Tuesday, November 24, 2015

Thank You for all the Birthday Wishes

Tonight's sunset

Some say that the soul leaves the body at the moment of death. That it rises up to heaven. Or that it descends to receive its eternal punishment. Others say that the soul wanders around for a while or that the spirit of the dead person can return for an earthly visit, or that death is simply the end. Having held a person in my arms at the moment of his death, I still cannot say for certain.
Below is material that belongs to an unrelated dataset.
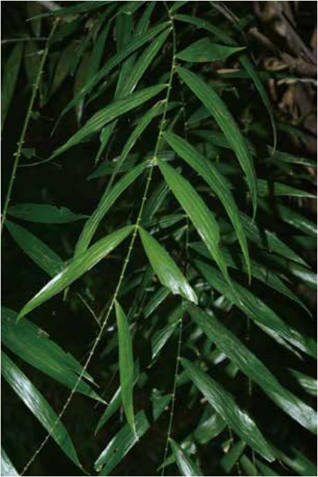 多年生攀緣藤本,全株具刺;雄花具特殊氣味。羽狀複葉,互生。葉柄鞘狀包莖,密被長硬刺;羽軸具硬質倒鉤刺,末端延伸成鞭狀。小葉革質,披針形,兩面深綠色,葉面皺摺狀;先端漸尖,略尾狀;基部鈍;全緣,疏被芒尖。

It was my birthday today, and how can one help but ponder death on the anniversary of one's birth? Birth and death are life's bookends. So, yes, Happy Birthday to me and someday my soul will go somewhere even if that somewhere turns out to be nowhere. Meanwhile, I'm full of joy and gratitude for this life. For love, friends, family, food, drink, music, theatre, art, my good health, beauty in all of its incarnations--clouds, birds, rocks, a finely crafted sentence, a pretty scarf, and for birthday wishes.

Yesterday I read about Einstein in the New York times. THIS INFO GRAPHIC blew my 63-year-old mind. And there was this quote: "In 1907, Albert Einstein had his “happiest thought” — people in free fall do not feel their own weight. This simple idea laid the foundation for his general theory of relativity, which Einstein presented 100 years ago this month." 

If I woke up in a box, completely weightless, I wouldn't know if I were falling or floating. Maybe that's how the soul feels.




And before the sunset's color drained from the sky, the full moon appeared from behind the clouds.

Wednesday, November 18, 2015

Wednesday Morning Beach Report


The ocean all froth and foam, waves booming like cannon fire, still this skua sits unperturbed.


Me? My feathers have been a bit ruffled by the incessant wind. Wind chimes clanging more than chiming, the roots of my hair hurting after a walk. It's cold in my southern California house when the wind blows. What lovely first world problems.

I had to cancel my T'ai Chi Chih class on Sunday due to wind. You can see a brief video HERE. (Scroll down to Sunday.) But maybe stop by that piece from the New York Times titled, "Brawn and Brains." That's why none of us blew over.

How's the weather where you are?

Wednesday, November 11, 2015

Wednesday Beach Report

Yesterday I felt wrecked. My hair in tangles from the wind, my throat dry, never quite warm enough to be comfortable. The bereavement group I attended left me feeling rattled. What do I do with that box of videos on my garage shelf that may or may not contain footage of Dan? Will there be some future day when I sit on the couch with the curtains drawn, fast-forwarding through past moments when I didn't even know him? What do I do with Dan's computer? What would I search for there? Is compartmentalizing a good thing or a bad thing? How do we mourn a loved one's continued absence while acknowledging that we've moved on? How do we live inside the gratitude for that love and translate that into living each day going forward? There were answers to those questions. Just not an answer.  And what about all the grief in that room? How does each of us carry it? The box of kleenex that gets shoved from one end of the table to another seems like a metaphor, but I can't quite put it into words.

By bedtime last night, still a bit teary-eyed, I shivered under a tower of blankets, figuring I was coming down with something.


This morning I woke up feeling well. Better than well.

Not today's actual surfer--but a previous day's surfer. Just in case someone recognizes this guy and he's supposed to be at work.
The beach today was windswept today. A lone and patient surfer waited far out from shore for that perfect moment. As I walked back, he was riding in, every breath full of balance and grace. So much of every day feels like a chain of perfect moments for me right now. But I haven't really caught my wave. I'm still treading water, figuring out how to manage my freedom.

Wednesday, November 4, 2015

Home

I'm home and it looks like this:


I live in a beautiful place. I am now free to enjoy the sunsets on the sand as well as the morning. My mother continues to do well in the nursing home. I've purchased tickets for a November visit. My brain is re-booting itself as it shuts down the hyper-vigilant caregiver mode. What's next? I ask myself and then remember that I have not yet succeeded at getting my mom onto Medicaid. We're close. I hope. Meanwhile, I've sent a boatload of money off to Iowa to pay the first bill. I'm still in charge of her finances--paying her insurance premiums, her credit card, handling end-of-life arrangements, thinking ahead while looking behind and all the while blessing every present moment whether my feet are in the sand or under my desk.